++++ Records for the task

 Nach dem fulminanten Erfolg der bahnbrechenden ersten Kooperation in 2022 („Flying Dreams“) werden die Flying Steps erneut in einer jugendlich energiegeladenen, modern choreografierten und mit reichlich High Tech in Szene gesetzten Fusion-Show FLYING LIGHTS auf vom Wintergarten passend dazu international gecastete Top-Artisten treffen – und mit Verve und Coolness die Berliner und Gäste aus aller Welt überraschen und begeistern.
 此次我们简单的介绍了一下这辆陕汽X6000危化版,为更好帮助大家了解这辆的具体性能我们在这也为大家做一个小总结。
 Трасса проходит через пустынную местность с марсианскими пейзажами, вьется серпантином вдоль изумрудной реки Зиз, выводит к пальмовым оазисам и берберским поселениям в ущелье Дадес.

++++++++
++++ Records for the task

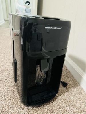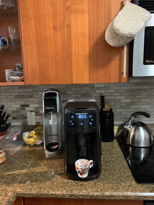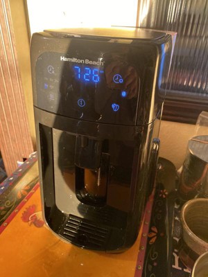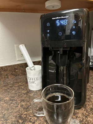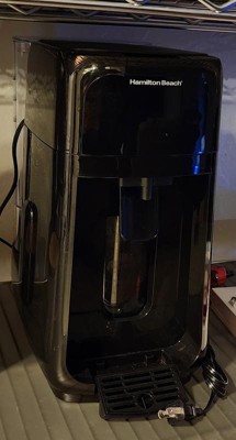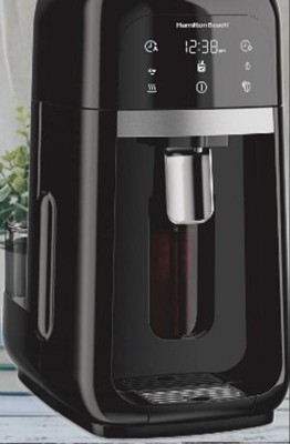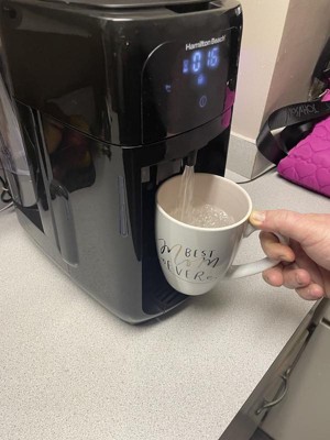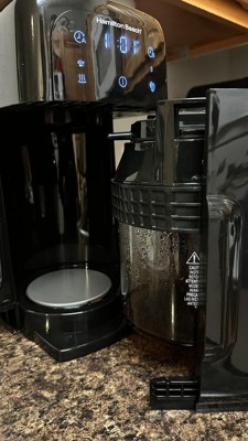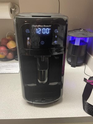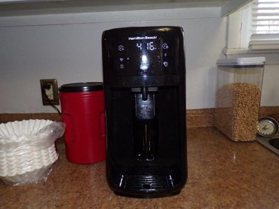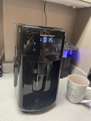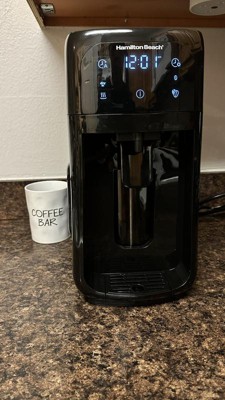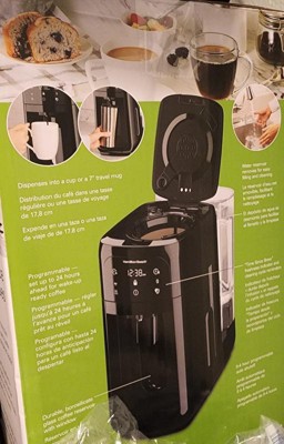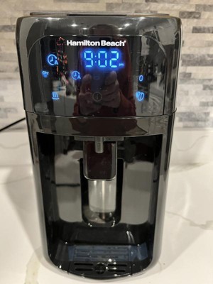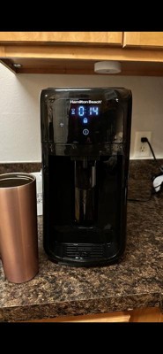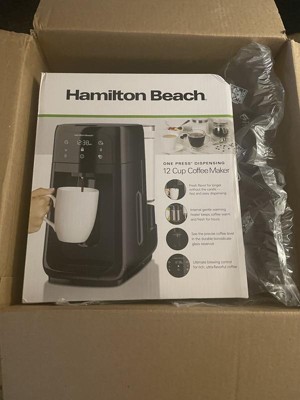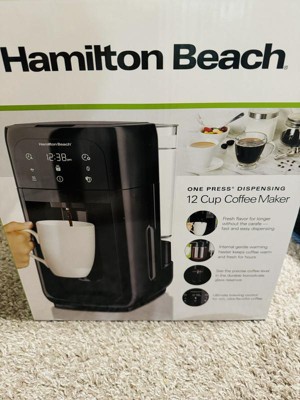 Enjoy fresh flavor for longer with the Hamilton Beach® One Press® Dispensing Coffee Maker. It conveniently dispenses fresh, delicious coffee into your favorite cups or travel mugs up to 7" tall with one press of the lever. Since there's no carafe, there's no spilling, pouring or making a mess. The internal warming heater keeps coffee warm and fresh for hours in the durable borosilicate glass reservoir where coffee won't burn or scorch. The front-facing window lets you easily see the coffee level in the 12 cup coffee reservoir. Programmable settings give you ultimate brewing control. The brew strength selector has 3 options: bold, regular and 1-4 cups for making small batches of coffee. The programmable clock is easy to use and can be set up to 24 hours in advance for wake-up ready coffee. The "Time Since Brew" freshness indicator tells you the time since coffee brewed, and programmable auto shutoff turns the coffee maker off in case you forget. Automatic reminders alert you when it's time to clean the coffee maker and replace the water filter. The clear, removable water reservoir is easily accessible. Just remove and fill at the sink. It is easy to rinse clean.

++++++++
++++ Records for the task

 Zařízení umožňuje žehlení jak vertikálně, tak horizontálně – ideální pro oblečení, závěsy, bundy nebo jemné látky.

++++++++

All that should be written out is the stretch of lines above between the one holding "Nach dem fulminanten" and the one holding "Трасса проходит через", inclusive, exactly as given.

— Completed exercise —
 Nach dem fulminanten Erfolg der bahnbrechenden ersten Kooperation in 2022 („Flying Dreams“) werden die Flying Steps erneut in einer jugendlich energiegeladenen, modern choreografierten und mit reichlich High Tech in Szene gesetzten Fusion-Show FLYING LIGHTS auf vom Wintergarten passend dazu international gecastete Top-Artisten treffen – und mit Verve und Coolness die Berliner und Gäste aus aller Welt überraschen und begeistern.
 此次我们简单的介绍了一下这辆陕汽X6000危化版,为更好帮助大家了解这辆的具体性能我们在这也为大家做一个小总结。
 Трасса проходит через пустынную местность с марсианскими пейзажами, вьется серпантином вдоль изумрудной реки Зиз, выводит к пальмовым оазисам и берберским поселениям в ущелье Дадес.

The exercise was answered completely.